Bipolar Disorder
Also commonly known as manic depression, bipolar disorder is a psychiatric brain disorder. People suffering from the disease experience extreme and unusual shifts in mood and energy that can affect their ability to function on a normal basis. The disease most often becomes apparent in late adolescence or early adulthood, although there are exceptions. It affects over two million Americans.
Symptoms
The most obvious symptoms are dramatic mood swings,
alternating between mania, which feels like an extreme “high”, and depression,
when patients often feel inexplicably sad and hopeless. Normal moods often
occur between these cycles.
- Mania can be characterized by:
- An excessively good mood
- An increase in energy and restlessness
- Inability to concentrate
- A decreased need for sleep
- More aggressive behavior
- Extreme irritability
- Poor judgment and unrealistic beliefs in one’s own abilities
- Depression can be characterized by:
- Long-lasting moods of sadness or anxiety
- Feeling pessimistic or hopeless
- A decrease in energy and fatigue
- Either sleeping too much, or being unable to sleep
- Lack of interest in activities you normally enjoy
- Feeling guilty or helpless
- Thoughts or attempts at suicide
Bipolar disorder sufferers can experience a broad spectrum of states, from severe mania to severe depression. They may experience states in between these extremes, such as mild mania, mild depression or normal moods.
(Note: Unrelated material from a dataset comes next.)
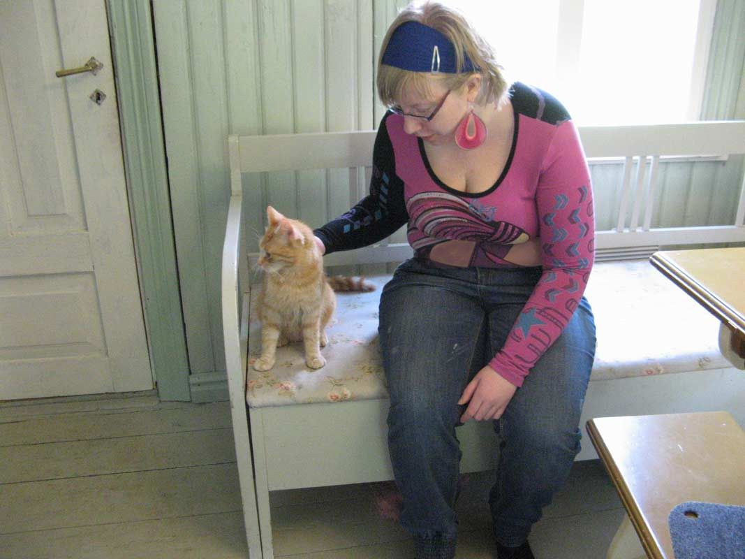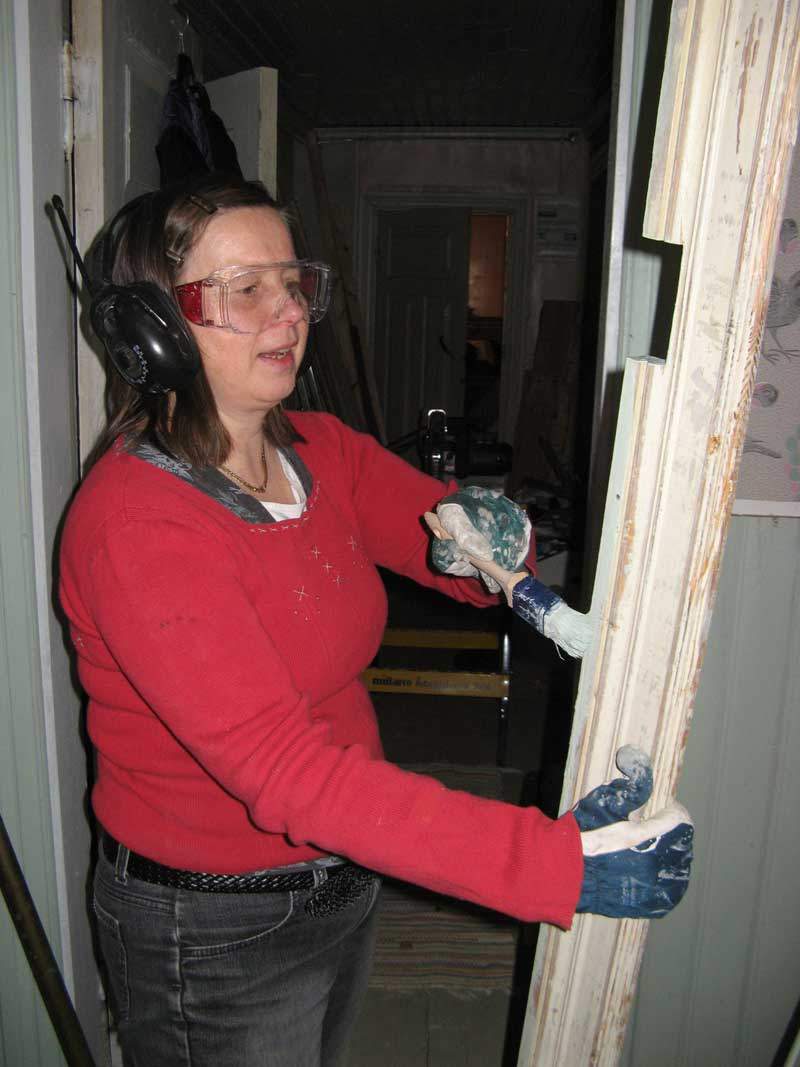 Ulkoeteiseen menevä ovi hohkasi kylmää, joten kehittelimme talon isännän kanssa karmiin uudet urat, johon mahtui vajasta löytämämme vanha sisäovi juuri sopivasti – tai ainakin melkein sopivasti. Ehkä tarvitsisimme kokonaan uudet ovet, mikäli olisi oltava täysin tiiviit ovet. Vanhaan taloon sallitaan hiukan enemmän lämmönhukkaa kuin uusissa taloissa. Tupakeittiössämme olikin monta ovea. Ulko-oven lisäksi yksi ovi vei sisäeteiseen, yksi siniseen olohuoneeseen ja yksi ovi WC/kylpyhuonetilaan. Siihen sovitimme entisen saunaneteisen oven. Hioin kahdesta valkoisesta ovesta vain pinnat ja maalasin ne pellavaöljymaalilla valkoiseksi. Kolme ovista oli ollut väriltään vihreitä, joten sain apua myös talon isännältä hionnassa. Silloin käytettiinkin sitten jo taso- ja kulmahiomakonetta. Kittasin pahimmat koloset ovista ja maalasin nekin sitten valkoisella pellavaöljymaalilla. Ovilistat maalasin samalla vihreällä kuin paneelitkin. Ovista huomaa, että ne ovat vanhoja, mutta niin niiden kuuluukin olla. On tärkeätä säilyttää vanhan ajan tunnelma, josta niin nautimme. Tupakeittiö jo sinällään sopii vanhaan hirsitaloon.

- Bipolar I Disorder: People experience recurrent episodes of mania and depression
- Bipolar II Disorder: People experience mild mania, also called hypomania, alternating with depression
- Rapid-Cycling Bipolar Disorder: People experience at least four episodes of mania or depression within a year.
Bipolar disorder is the result of a combination of multiple factors, but doctors and researchers are still unsure of what exactly causes the disorder.
- Genetics appear to contribute to the likeliness of having bipolar disorder. It tends to run in families, but is not caused by a single gene. The disorder is not entirely genetic, as it is also caused by many genes acting together with environmental factors.
- Studies of the brain indicate that the brains of people with bipolar disorder differ from people without it. More research needs to be done to identify specific characteristics.
With proper medical attention, many people with bipolar disorder can bring their mood swings and other symptoms under control. Most treatments use a combination of medication and psychosocial treatment for long-term care.
- The most common medications prescribed are long-term “mood stabilizers” such as lithium, valproate, and carbamazepine. Doctors may prescribe other drugs for short, intense bursts of mania and depression.
- Psychosocial treatments include talking with a psychologist, social worker, or counselor. These professionals work with psychiatrists to treat the patient. There are several types of psychosocial treatments widely used.
- Cognitive behavior therapy: patients learn to change negative thought patterns and behaviors.
- Psychoeducation:
Patients are taught the symptoms of the disease, so that they can seek
help early and avoid severe mood swings.
- Family therapy: Professionals work with the patient and his or her family to lower the level of distress in the family. Such distress can either heighten the disease or be a result of the patient’s behavior.
- Interpersonal and social rhythm therapy: Patients work to improve their interpersonal skills and form daily routines that can reduce mood swings.
- If these types of treatments, either alone or in combination, fail to produce results, electroconvulsive therapy (ECT) may be attempted. This type of therapy is effective in treating severe episodes of mania or depression, or episodes where both are combined. The risks of memory problems have been reduced, but there are still risks involved with the treatment.